ところで自分は海洋冒険小説が好きです。田村さんと大貫さんが好きなのは多分田村さんが「フォーンブロア」で大貫さんが「ボライソー」かしら。二つとも代表的な作品です。

:::::::::::::::
<本文>

 昼間の月は、はがれ落ちた鱗の片鱗のようで見苦しいとさえ思う。夜になればなお、自ら輝くことも叶わず、太陽の情けで暗闇に存在を誇示しようとする姿は醜く浅ましい。

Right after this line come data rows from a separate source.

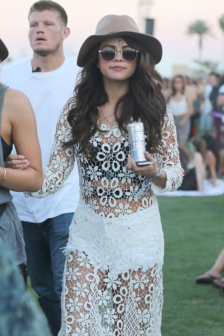 Gafas y Sombrero anchos.Eso es un must have en Coachella para tener ese hipster look.Asi como vemos a Selena Gomez con este conjuntito tan chic.Y con el charm en la frente.
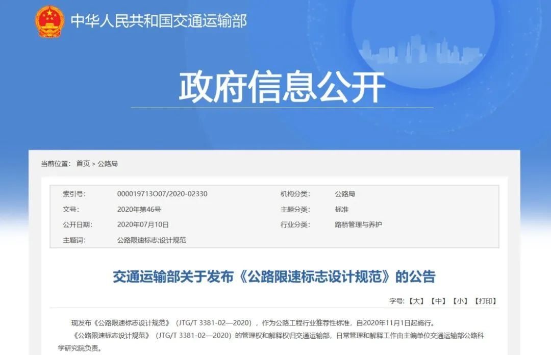 为合理控制公路车辆行驶速度,交通运输部发布了《公路限速标志设计规范》,自2020年11月1日起施行。《规范》明确了公路限速标志设计的原则、限速值的确定方法、限速标志及相关设施设置要求等主要技术内容。具体包括:高速公路限速值不得超过120km/h;限速值应为10km/h的整数倍;相邻两个限速路段的限速值之差不应大于20km/h;学校区域限速标志宜设置在距学校区域起点前100~150m处等。
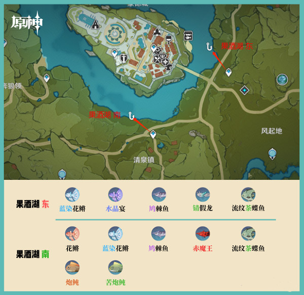 果酒湖南面的鱼类有:花鱂、蓝染花鱂、鸠棘鱼、赤魔王、流纹茶蝶鱼、炮鲀、苦炮鲀。(钓鱼位置见下图)
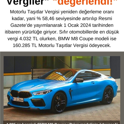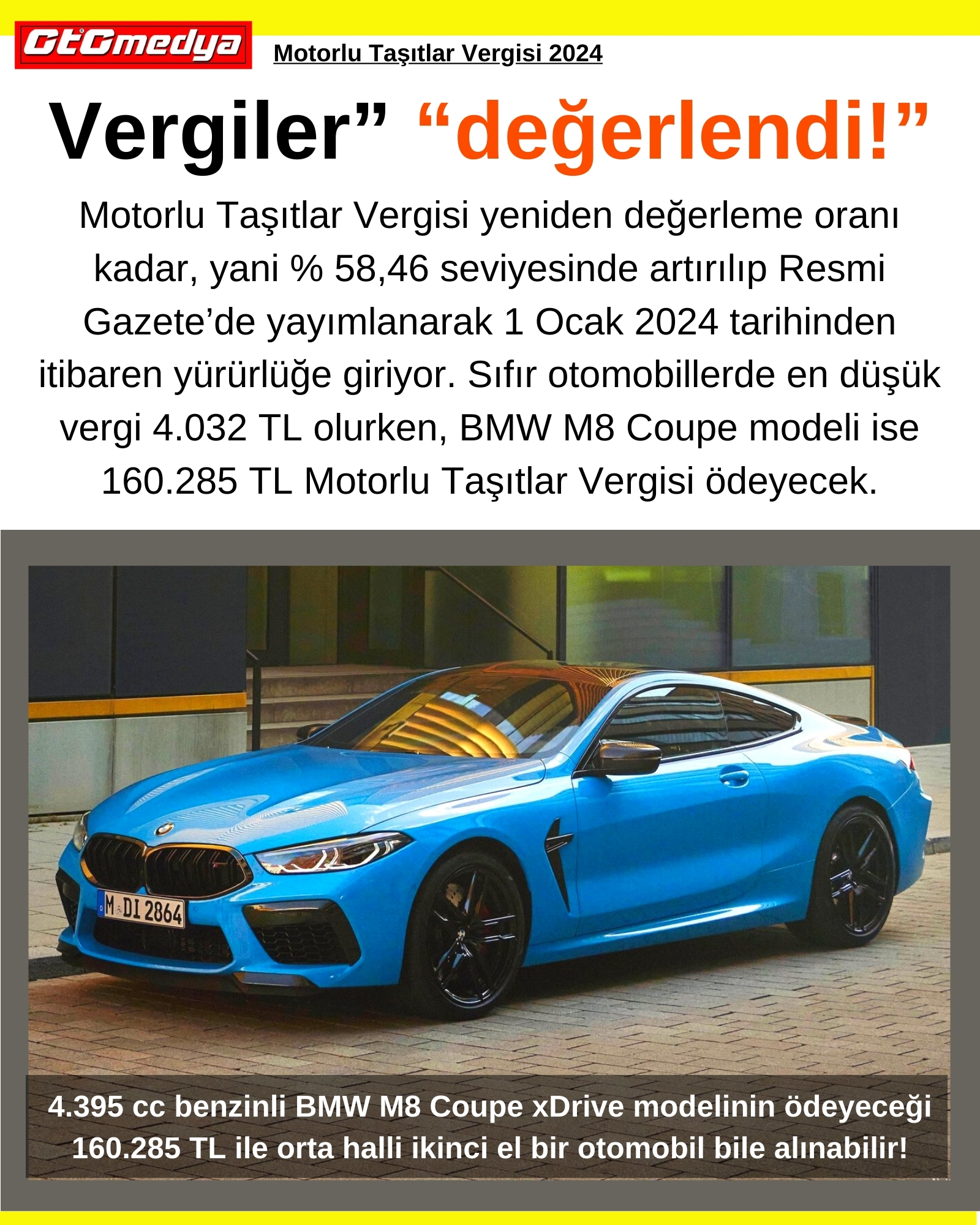 Motorlu Taşıtlar Vergisi yeniden değerleme oranı kadar, yani % 58,46 seviyesinde artırılıp Resmi Gazete’de yayımlanarak 1 Ocak 2024 tarihinden itibaren yürürlüğe giriyor. Sıfır otomobillerde en düşük vergi 4.032 TL olurken, BMW M8 Coupe modeli ise 160.285 TL Motorlu Taşıtlar Vergisi ödeyecek.

 西日を避けるために大貫は事務所のブラインドを閉じた。彼の嫌う白い月はもう見えない。
「社長、田村さんがいらっしゃいましたよ。」
「そうか、すまないがこれから私は田村と出かけてくる。帰りは何時になるかわからないから、後は頼むよ。」
 田村の来訪を伝えた女子社員に彼は笑顔で答え、事務室の片隅を、ついたてで仕切った来客用スペースに向かった。田村はそこにあるソファーには座らず、立ったまま険しい表情で大貫と対峙する。
「用件は察しているよ。場所を、変えよう。」
「ああ、そうだな。」
二人は連れだって裏手に続く非常階段を下りた。

 通用口を出てビル裏の従業員用駐車場を左手に回ると、備品の管理やクルーザーの簡単な整備に利用している二階建ガレージがある。大貫は電動シャッターを開け、田村と中に入って電気をつけた。

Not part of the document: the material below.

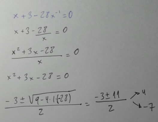 En la segunda el exponente de x-1 es lo mismo que 1/x de modo que te queda x+2/28x = 0 (Esta es fácil no?)
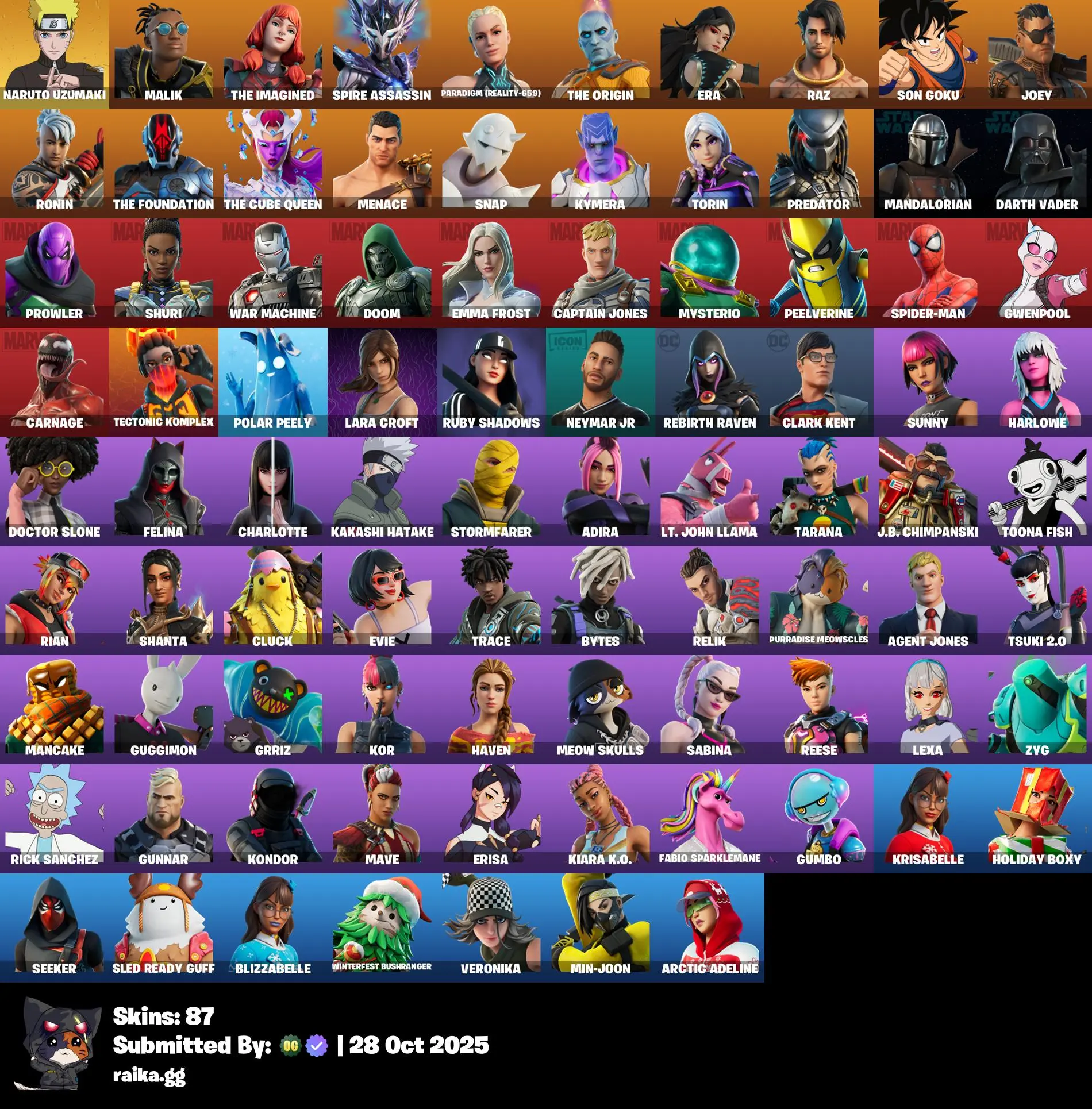 [PC/PSN/XBOX] 87 skins | Naruto Uzumaki | Malik | The Imagined | Spire Assassin | Paradigm (Reality-659) | The Origin | Era | Raz | Son Goku | Joey | Ronin | 1300 VB

「殺風景なところで悪いな。だが、ここなら誰かの邪魔が入ることはないだろう。このリモコンがなければ入れないからな。」
 シャッターを閉じ、彼は中にある自動販売機で冷たいコーヒーを二つ買うと、一つを田村に渡して自分の缶の口を切った。しかし田村は大貫から目を逸らさず、手の指が白くなるほど強く缶を握りしめる。

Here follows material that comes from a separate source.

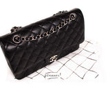 Details: Black Caviar Leather / Silver-Tone Hardware / Chain-Link and Leather Shoulder Strap / Burgundy Leather Lining / Dual Compartments with Two Flat Pockets at Inside / Dual Flap, One with Push-Button and Another with Turn Lock Closure

「直人。おまえが、そうなのか? おまえが江里香ちゃんを……。」
「違う、と言えば信じるか? 」
 田村は何も答えない。大貫は缶を工具棚に置いた。
「由起夫、おまえはきっと信じると言うだろう。例え間違っているとわかっていても、俺の言うことを信じるとね。笑えるじゃないか。俺はとうの昔に、おまえを信じることを止めてしまったのにな。」
「どういうことだ? 」
「何時までも、親友だと思っていたのはおまえだけだった、と、言うことだよ。煩わしいんだよ、その押し付けがましさが。確かにおまえは、俺にとって初めて友人と呼べる存在だった。引き籠もりがちでフィギュアモデルや模型ばかり作っていた俺を外に連れだし、多くの友人を紹介し、明るく快活な人間にした。だが、それを俺が望んでいたと思うか? おまえは自分が親友を救ってやったと英雄気取りだったかも知れない。しかし俺が、ただ一人の友人を失いたくないばかりに無理をして自分を偽っていたのだとしたら? ……それでも、おまえが居てくれればそれで良かった。おまえだけは俺のことをわかってくれていると思っていた。」
「俺の所為……なのか? 」
 大貫は、声を立てて笑った。甲高いその笑い声がガレージの広い空間にこだまし、田村を威圧する。
「何が、可笑しいんだ? 」
「自分の所為にすれば満足か? おまえは何時もそうだな。自分の所為にして、謝ればいいと思っているんだ。謝罪した者は、自分の中で解決してそれでお終いさ。だが傷ついた者はそれでお終いには出来ないんだよ。所詮おまえを信じた俺が、愚かだったというわけだ。」
 大貫の言はんとすることを計りかねて、田村は彼を睨んだ。
「いったい俺が、何をした? おまえをいつ裏切った? 教えてくれ、直人。何故おまえは……。」
 まだ、江里香を手に掛けたのが自分だと、大貫が言ったわけではない。まだ……。
「そうさ江里香を殺したのは、私だ。」
 まるで冷水を浴びせられたかのように、田村の全身を冷たい戦慄が襲う。血の気が引き、震えそうになる膝を、必死に堪えた。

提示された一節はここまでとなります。